WORK REQUIRED :: The lines below from the one with "2014年11月19日成立以" up to and including the one with "CHARBON PROPOLIS Synergie" are what you should set down, exactly and without pictures.

MATERIALS PROVIDED ::
=== Begin Enclosure ===
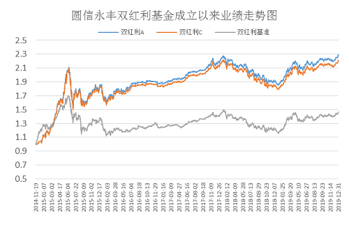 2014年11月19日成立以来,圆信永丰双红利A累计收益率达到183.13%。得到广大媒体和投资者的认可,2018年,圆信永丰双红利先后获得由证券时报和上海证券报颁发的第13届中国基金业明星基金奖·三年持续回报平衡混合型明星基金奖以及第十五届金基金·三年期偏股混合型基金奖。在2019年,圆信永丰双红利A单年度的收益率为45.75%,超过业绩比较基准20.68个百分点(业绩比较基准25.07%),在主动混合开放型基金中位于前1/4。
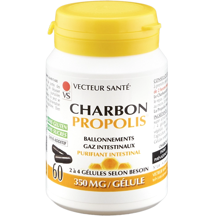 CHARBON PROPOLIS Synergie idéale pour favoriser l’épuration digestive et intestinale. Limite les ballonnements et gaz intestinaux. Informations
=== End Enclosure ===
=== Begin Enclosure ===
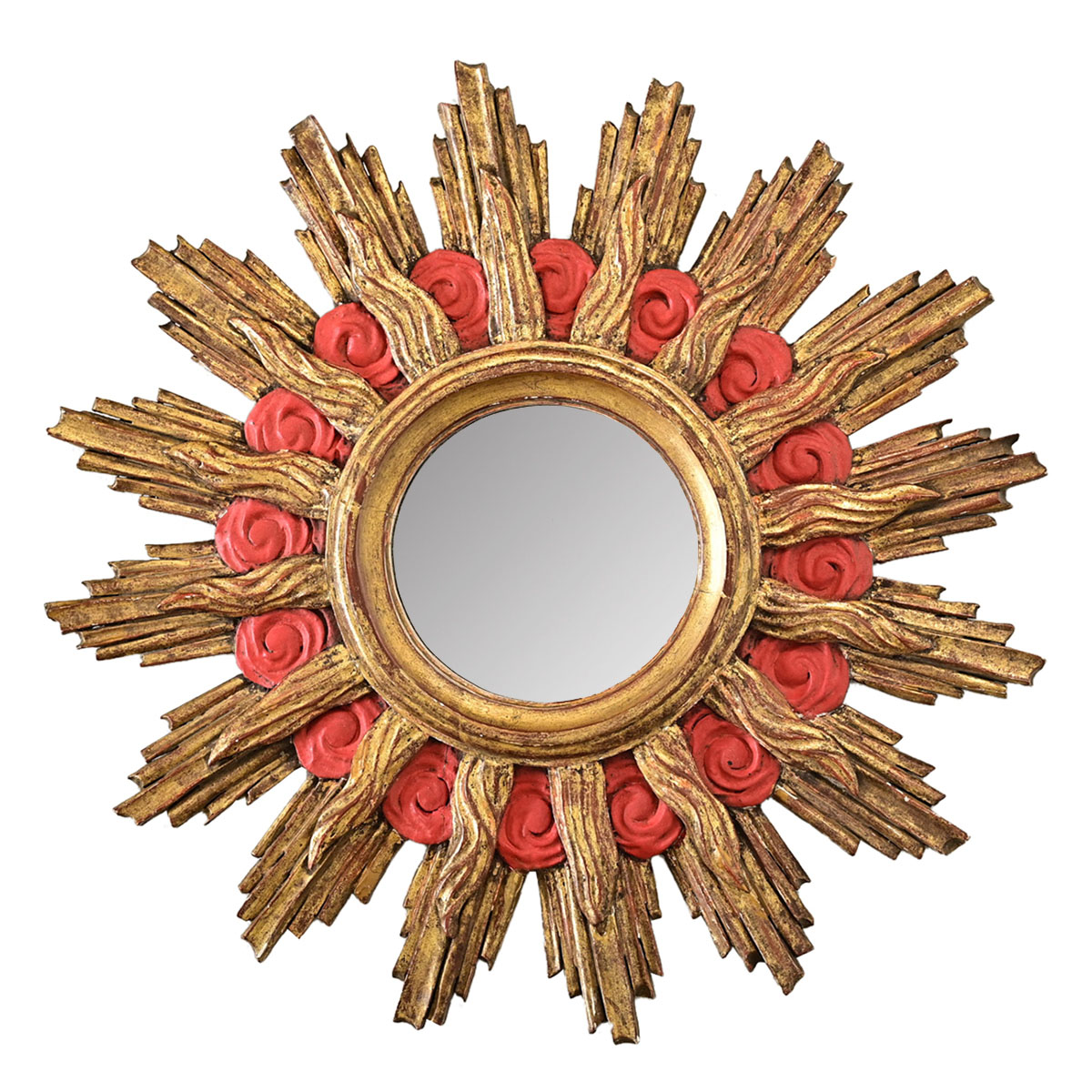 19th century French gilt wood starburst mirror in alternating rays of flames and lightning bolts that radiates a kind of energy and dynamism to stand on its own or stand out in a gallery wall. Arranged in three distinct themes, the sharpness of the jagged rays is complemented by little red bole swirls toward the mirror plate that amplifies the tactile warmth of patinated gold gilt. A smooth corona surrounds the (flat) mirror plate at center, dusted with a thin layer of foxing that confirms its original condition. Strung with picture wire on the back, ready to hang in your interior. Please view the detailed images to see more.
=== End Enclosure ===
EXERCISE RESPONSE ::
 2014年11月19日成立以来,圆信永丰双红利A累计收益率达到183.13%。得到广大媒体和投资者的认可,2018年,圆信永丰双红利先后获得由证券时报和上海证券报颁发的第13届中国基金业明星基金奖·三年持续回报平衡混合型明星基金奖以及第十五届金基金·三年期偏股混合型基金奖。在2019年,圆信永丰双红利A单年度的收益率为45.75%,超过业绩比较基准20.68个百分点(业绩比较基准25.07%),在主动混合开放型基金中位于前1/4。
 CHARBON PROPOLIS Synergie idéale pour favoriser l’épuration digestive et intestinale. Limite les ballonnements et gaz intestinaux. Informations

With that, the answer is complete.